DAVIS—Approximately 60 pastors and church leaders attended the Oklahoma Bible Conference (OBC) at Falls Creek Baptist Conference Center, Sept. 26-28. This year’s OBC focused on the book of Malachi, which will be the emphasis for the January Bible Study for Oklahoma Baptists.

Bobby Kelly and Scott Pace, Bible professors at Oklahoma Baptist University, were the OBC instructors who were well received. Brett Selby, pastoral leadership specialist for the Baptist General Convention of Oklahoma, led prayer times centered on themes in Malachi and God’s instructions to the priests.
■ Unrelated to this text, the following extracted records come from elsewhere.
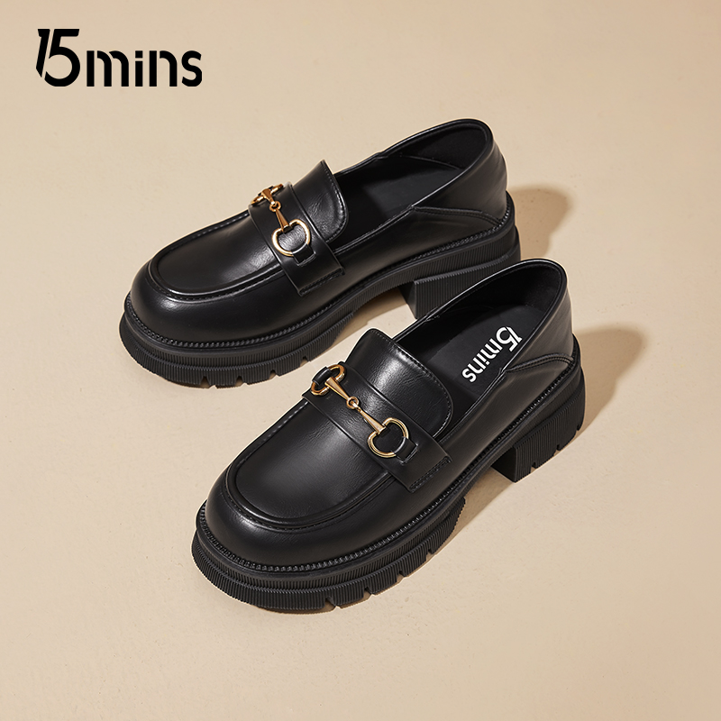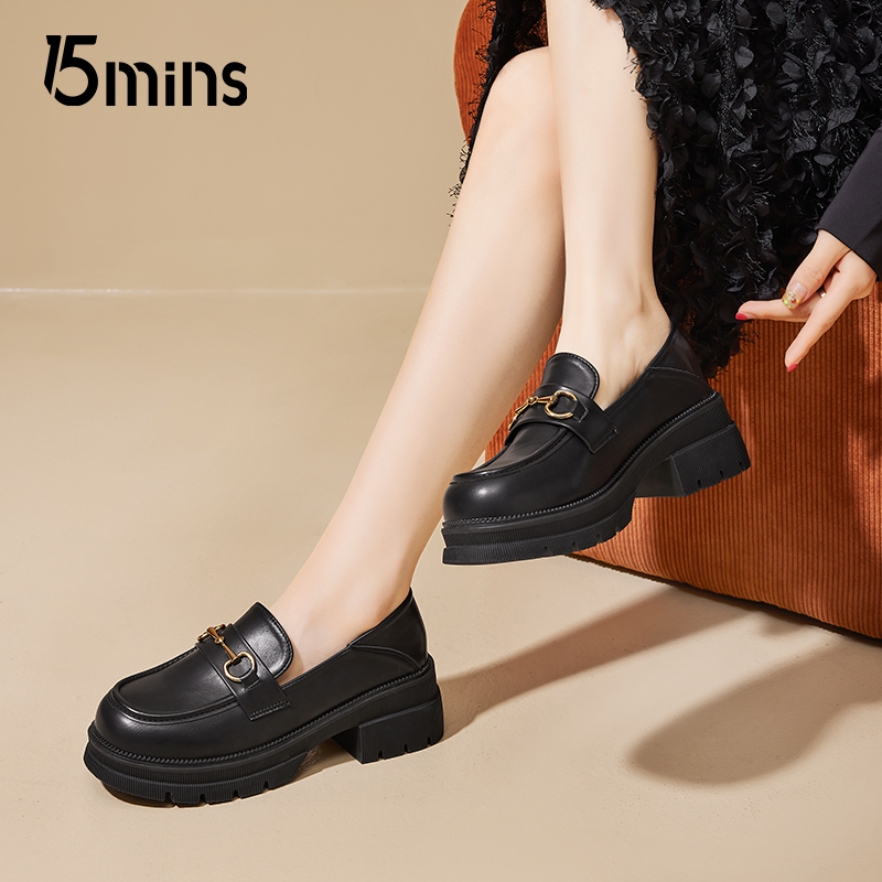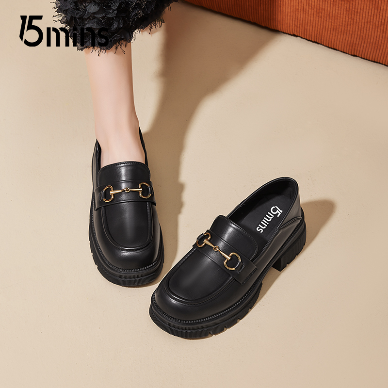 一脚蹬黑色粗跟英伦风小皮鞋 早春单鞋 女2025新款 15mins厚底乐福鞋
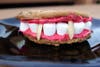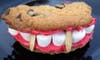 5. Carefully place the top dentures onto the bottom dentures. Add 2 slivered almonds to each pair of dentures - these are Dracula's fangs!
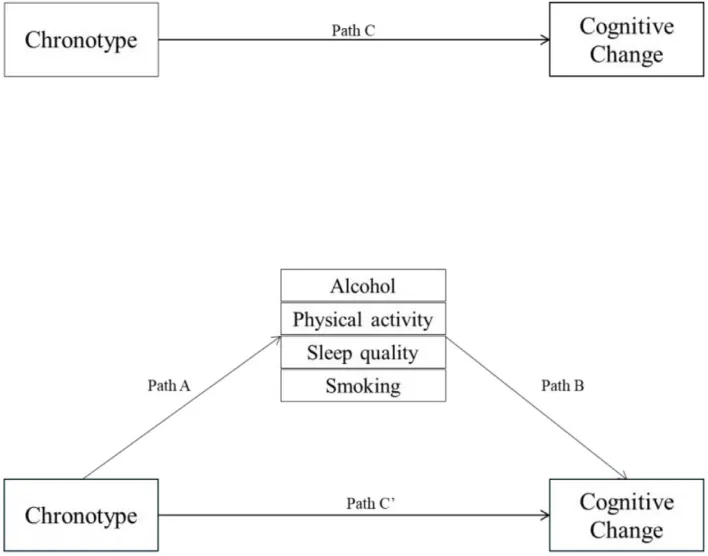 从中介分析来看,晚时型与睡眠质量差和当前吸烟相关,而这两者与认知下降有关。
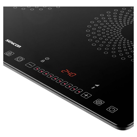 A Sencor SCP 4501BK egy kétzónás indukciós főzőlap üvegkerámia borítással, ami ennek köszönhetően hideg tapintású. A főzési felületek átmérője 120 és 260 mm, amit mikroprocesszor vezérel, így a megfelelő edényeket automatikusan érzékeli. A hőmérséklet egyszerűen szabályozható 60-240°C között, de lehetőség van az előre beállított 10 fokozat használatára is. Minden szükséges információ megjelenik az áttekinthető LCD kijelzőn. Az ultravékony kialakítás a főzőlap mindössze 4,3 cm magas. Kompakt méretének köszönhetően ideális megoldás kis lakásokba, kollégiumokba vagy nyaralókba.
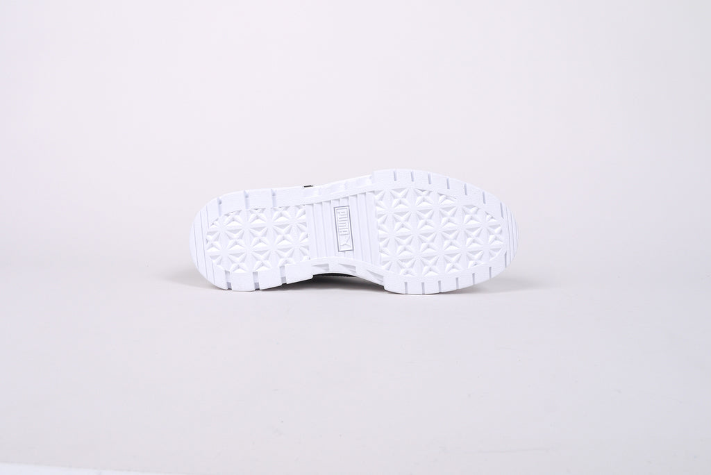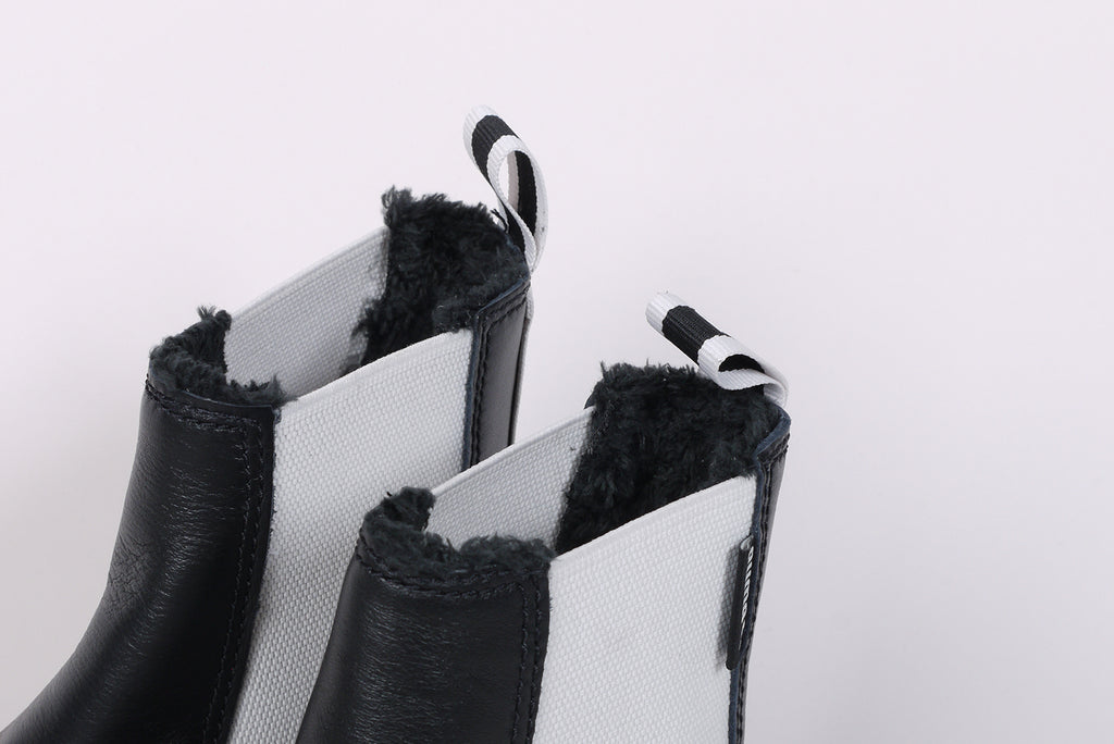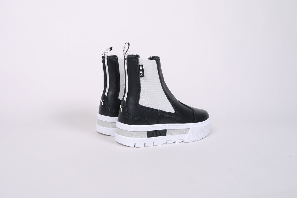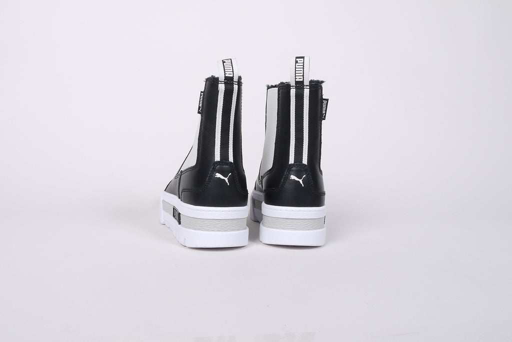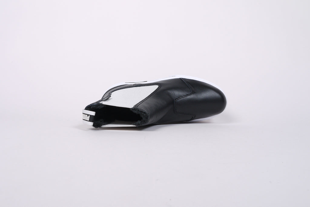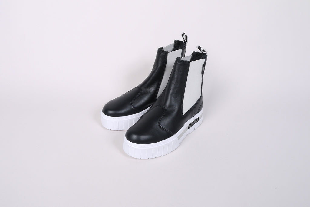 Der neue Puma "Mayze Chelsea Winter" Boot aus schwarzem Glattleder und weiß/grauen Details.
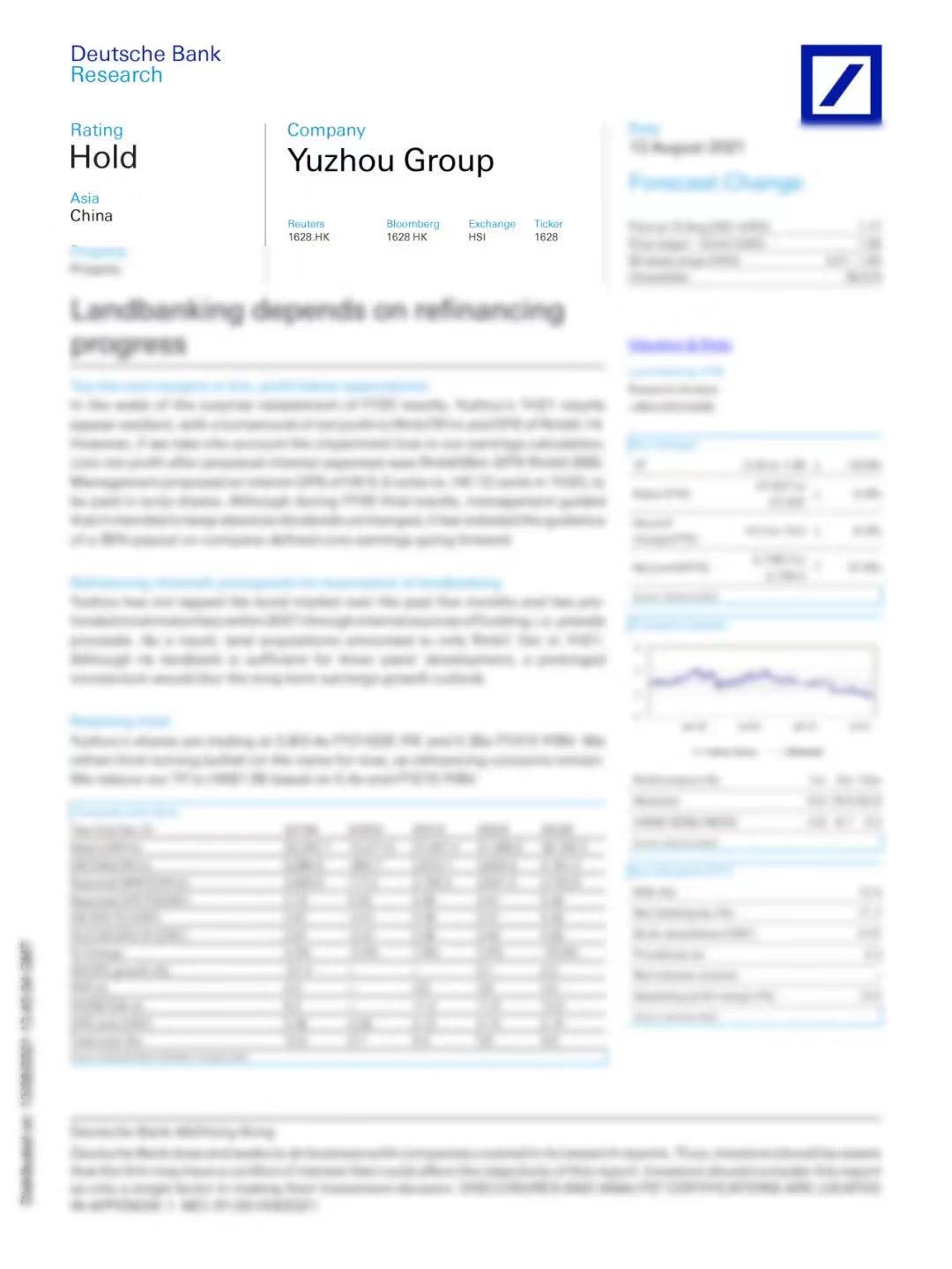 德意志銀行 | 禹洲集團(01628.HK)中期業(yè)績兌現(xiàn)承諾 “三條紅線”達標在望
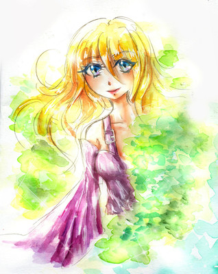 #原創 #水彩 #watercolor #少女 #young #girl #水彩画 #painting #背景 #background #みどり #green #midori #絵 #sketch #半分 #半邊 #水色 #aqua
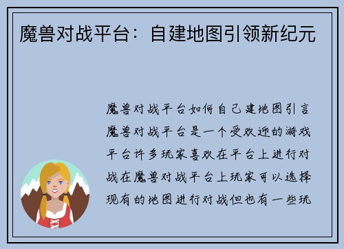 魔兽游戏地图下载指南 引言 魔兽游戏是一款备受玩家喜爱的在线多人游戏,其中地图扮演着至关重要的角色。本文将为大家详细介绍如何在魔兽游戏中下载地图,帮助玩家更好地享受游戏乐趣。 选择合适的地图来源 1. 官方地图库 官方地图库是魔兽游戏内置的地图资源库,提供了大量官方制作的地图供玩家下载。玩家可以在游戏内的地图选择界面中浏览并下载官方地图。 2. 第三方地图网站 除了官方地图库,玩家还可以在第三方地...
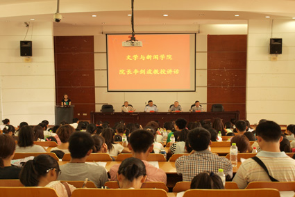 接着,党委书记王洁群教授发表讲话。王洁群教授分别介绍了我院汉语言文学专业、广告学专业、新闻学专业、广播电视新闻学专业的具体情况以及就业前景。王教授还提到,大学的教学方式不同于中学,希望新生们可以尽快适应新的教学方式,培养独立学习的能力,利用好没有课的自由学习时间,提高自己的综合素质。
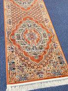 The Semerkant Persian corridor carpet is a timeless collection that never goes out of style. With intricate patterns and designs paired with luxurious color combinations, this carpet exudes elegance. Its billiard table-smooth feel enhances the sense of comfort, while the authentic Persian craftsmanship guarantees the highest quality. Best of all, it offers this unmatched luxury at an affordable price, making it the perfect addition to elevate any room.
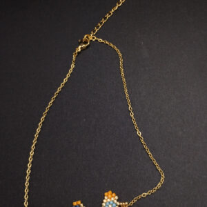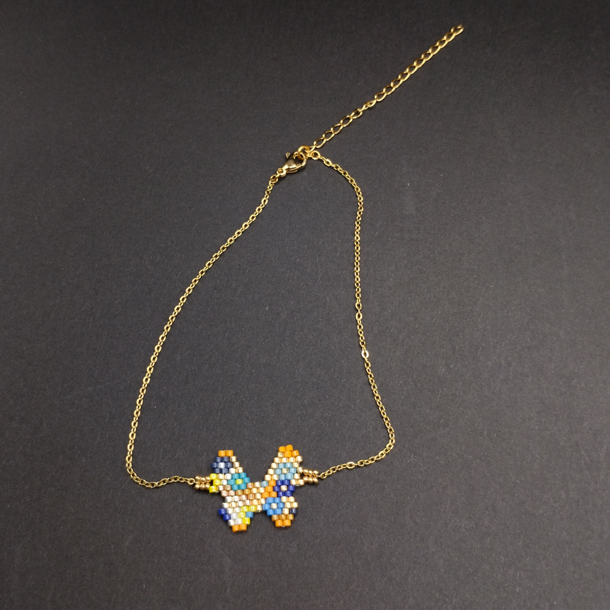 Bracelet de cheville en chaine décoré avec un beau papillon tissé avec des perles de rocaille et une fine chaine dorée. Léger, original. Beau contraste de couleurs. Facile à porter.

“The 2017 January Bible Student emphasis gives Oklahoma Baptist preachers an opportunity at the Oklahoma Bible Conference to have an important discussion,” Selby said. “How do we preach Old Testament texts? Obviously we preach them as the inerrant Word of God. In addition to that, we must proclaim this book in the scope and in the stream of the storyline of Biblical theology, the overarching storyline of the Gospel of redemption. This actually provides those of us who preach on a regular basis a ‘workshop’ to get better in our preaching.”

This was the first time OBC met in the Mathena Family Event Center at Falls Creek. The new facility has been resourceful for a variety of meetings and events, since it opened in February.

Selby said the Event Center provided the ideal setting for the OBC, as attendees learned the importance of sharing the Gospel regardless of which book of the Bible is addressed from the pulpit.

“One of the realities of church life today is that we rarely have the same crowd every Sunday,” said Selby. “So there is a need to make sure that our weekly proclamation always is gospel-focused, regardless of the particulars of the day. It might be Mother’s Day. It might be Baccalaureate Sunday. Or it might be the day on which Malachi is being preached. However, on that day, hopefully a lost person will be there, and he or she needs to hear the Gospel, no matter where the preacher’s text is taken. This is what they need to hear, and not merely a story with a moral example or a set of behavioral imperatives.”